Cape Times

Ode to nature pure magic throughout

- REVIEWER: JENNIFER CROCKER

HAPPINESS Aminatta Forna Loot.co.za (R293) Bloomsbury

IN GREENHAMPT­ON, Massachuse­tts in 1834 or thereabout, the last wolves in the area were killed by a wolf trapper. And so begins Aminatta Forna’s book Happiness. It’s a gripping start to the story that follows.

Forna strikes a poignant note from the start of this rather startling novel with her opening chapter.

A battle has been waged probably ever since sentient beings started to create homes. A pitting of humans against nature and her creatures.

Fast-forward to this century and Attila, a psychiatri­st from Ghana, but really a citizen of the world, and Jean from America, who is studying foxes in London, collide on Waterloo Bridge. Attila is in London as the keynote speaker on post-traumatic stress disorder (PTSD) and has just enjoyed an evening at the theatre and dinner.

London has become a home from home when he is between travelling to war-torn parts of the world.

Both Jean and Attila are in a sense displaced. Jean has left her home and her ex-husband and son behind in America, and Attila has not returned to Ghana since the death of his wife.

London forms a semi-neutral space for their story to play out, if indeed any place can be deemed as neutral. In this city Jean has started a garden on the roof of the small flat she rents. It’s a place that delights and allows her to watch out for the foxes she is monitoring for a study that doesn’t pay the rent.

To augment her stipend, she has started her own business making gardens in the sky for clients. Attila has two jobs to do in London, one to deliver his speech to hundreds of delegates, the other to find his niece Ama and her son, who seem to have vanished.

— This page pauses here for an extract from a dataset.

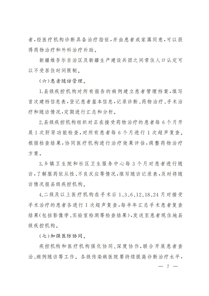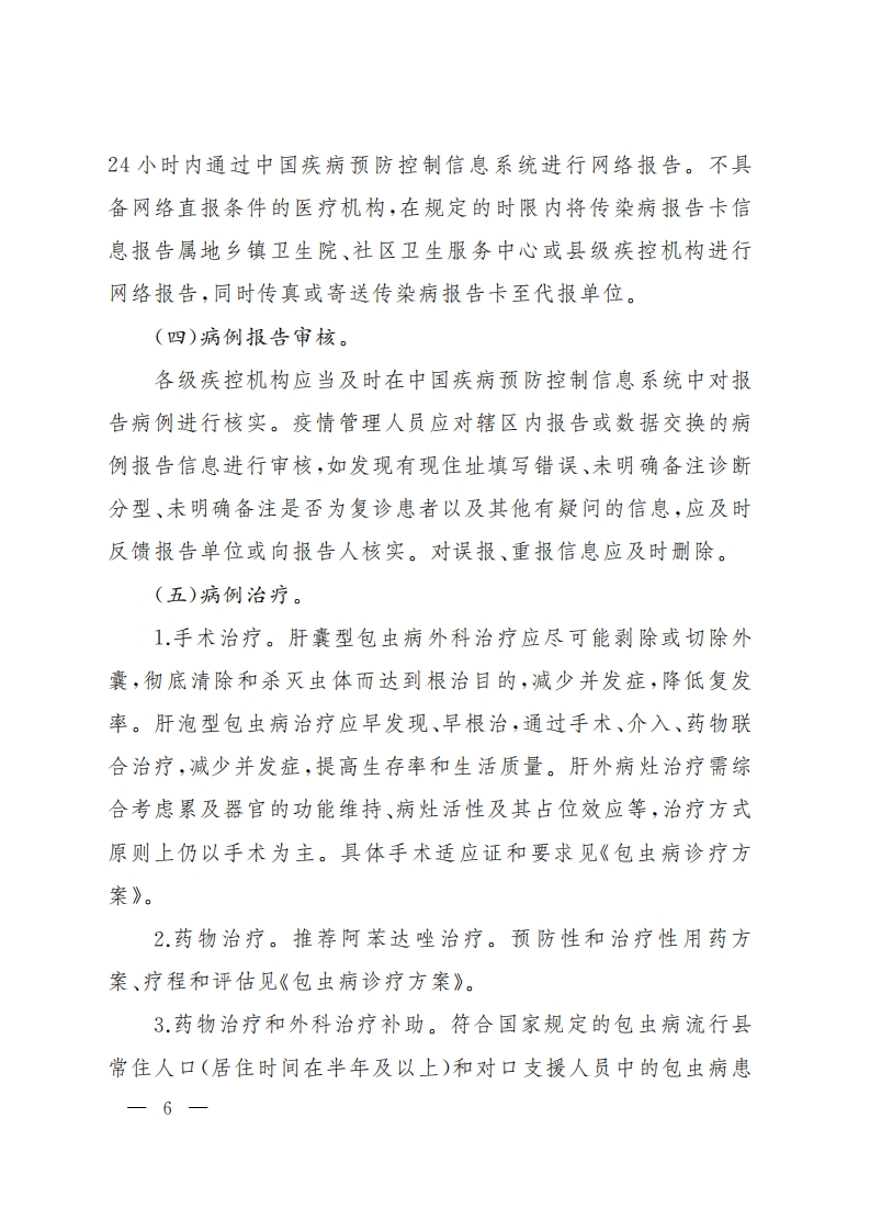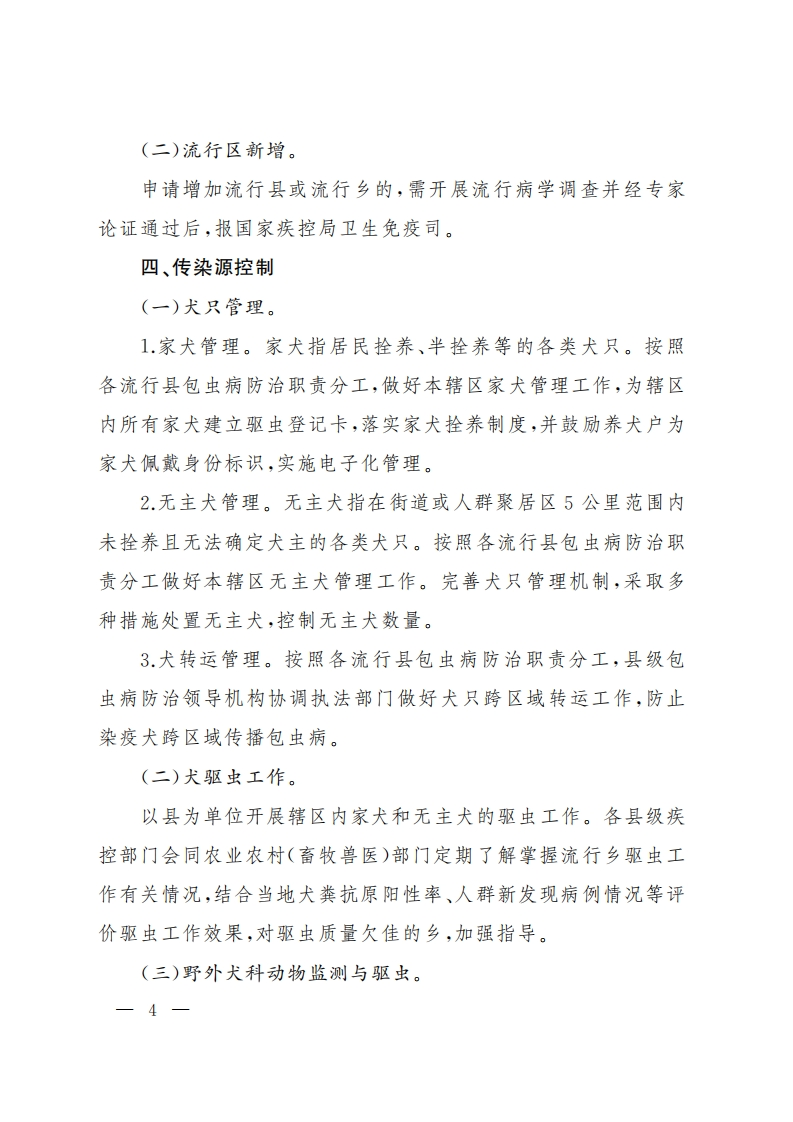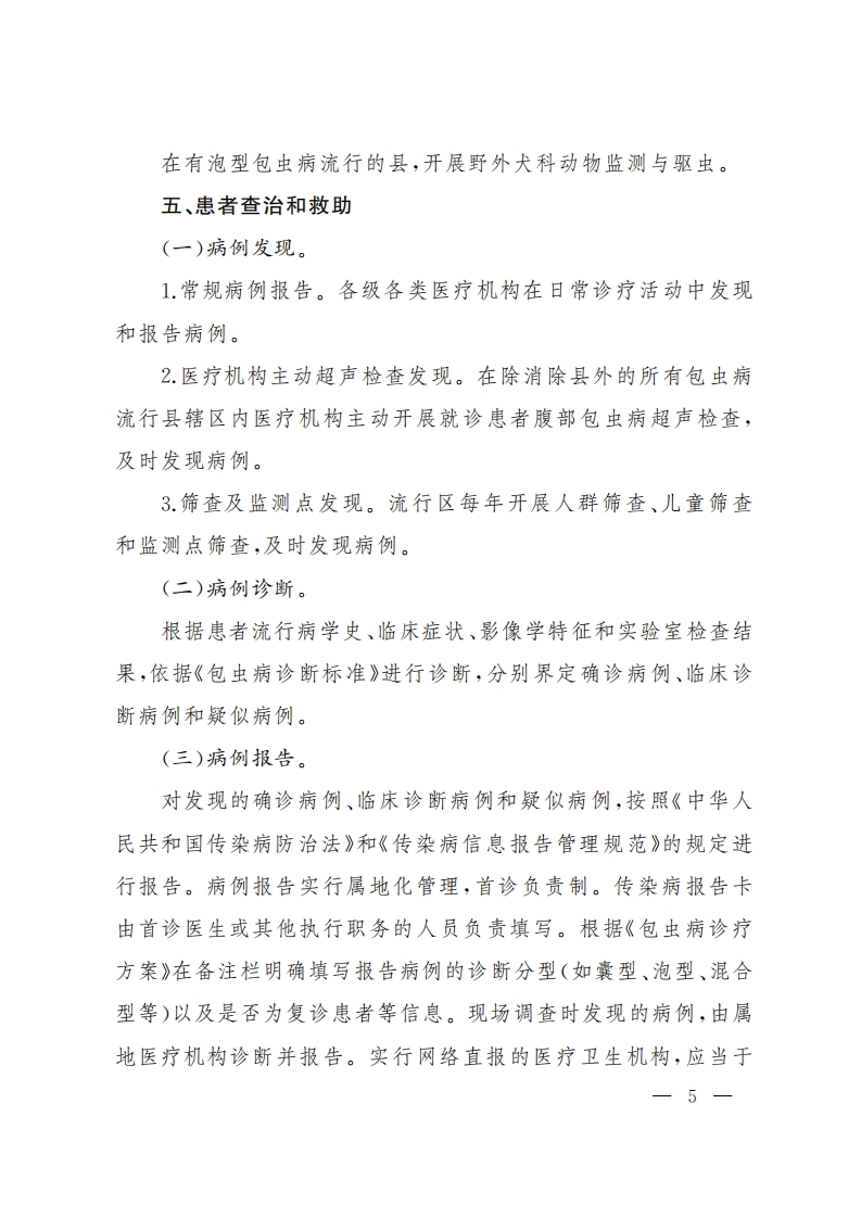 包虫病防治技术方案(2025年版)为保障《“健康中国2030”规划纲要》和《全国包虫病等重点寄生虫病综合防治实施方案(2024一2030年)》目标的实现,科学规范开展包虫病防治工作,根据《中华人民共和国传染病防治法》有关要求,特制定本方案。一、防治策略包虫病流行区采取“以传染源控制为主、中间宿主防控与病人规范查治相结合”的综合防治策略。二、流行县防治阶段各流行县(市、区、旗,以下统称县)落实各项防治策略和措施,逐步实现各阶段控制指标要求。依据儿童包虫病患病率、新增病例、新增儿童病例情况,犬棘球绦虫感染率,牲畜包虫病患病率,啮齿类动物包虫病患病率,结合包虫病防治的档案资料及连续达到相应要求年数,将包虫病流行县防治阶段分为未达疫情控制、疫情控制、传播控制、传播阻断和消除共5个阶段。三、防治阶段调整及流行区新增(一)流行县防治阶段调整。按《全国包虫病等重点寄生虫病综合防治实施方案(2024一2030年)》疫情控制、传播控制、传播阻断、消除指标要求,阶段性评价后适时调整。—3

Happiness has as its bones the story of two people, but there is a far more complex tale that hums along beneath it. It’s a story about urbanisati­on and how people fear the wild coming into what they imagine is a safe space. To put it mildly, Jean is fighting a battle for the foxes, and to make people really understand why it is that wild creatures return to spaces they have vacated. Through a network of street sweepers, taxi drivers and doormen at hotels she tallies up the foxes she has named and collared to map their movements. Forna does a wonderful job of telling the “story” of the life of wild creatures in cities without becoming sentimenta­l, but that does not mean that she fails to pay tribute to the beauty of the wild in the supposedly tamed territory of London. She watches one fox, Light Bright, with interest as the young vixen begins to map a territory to entice a mate into.

She battles popular sentiment and ignorance imperfectl­y at times and becomes the barb of jokes and social media bullying.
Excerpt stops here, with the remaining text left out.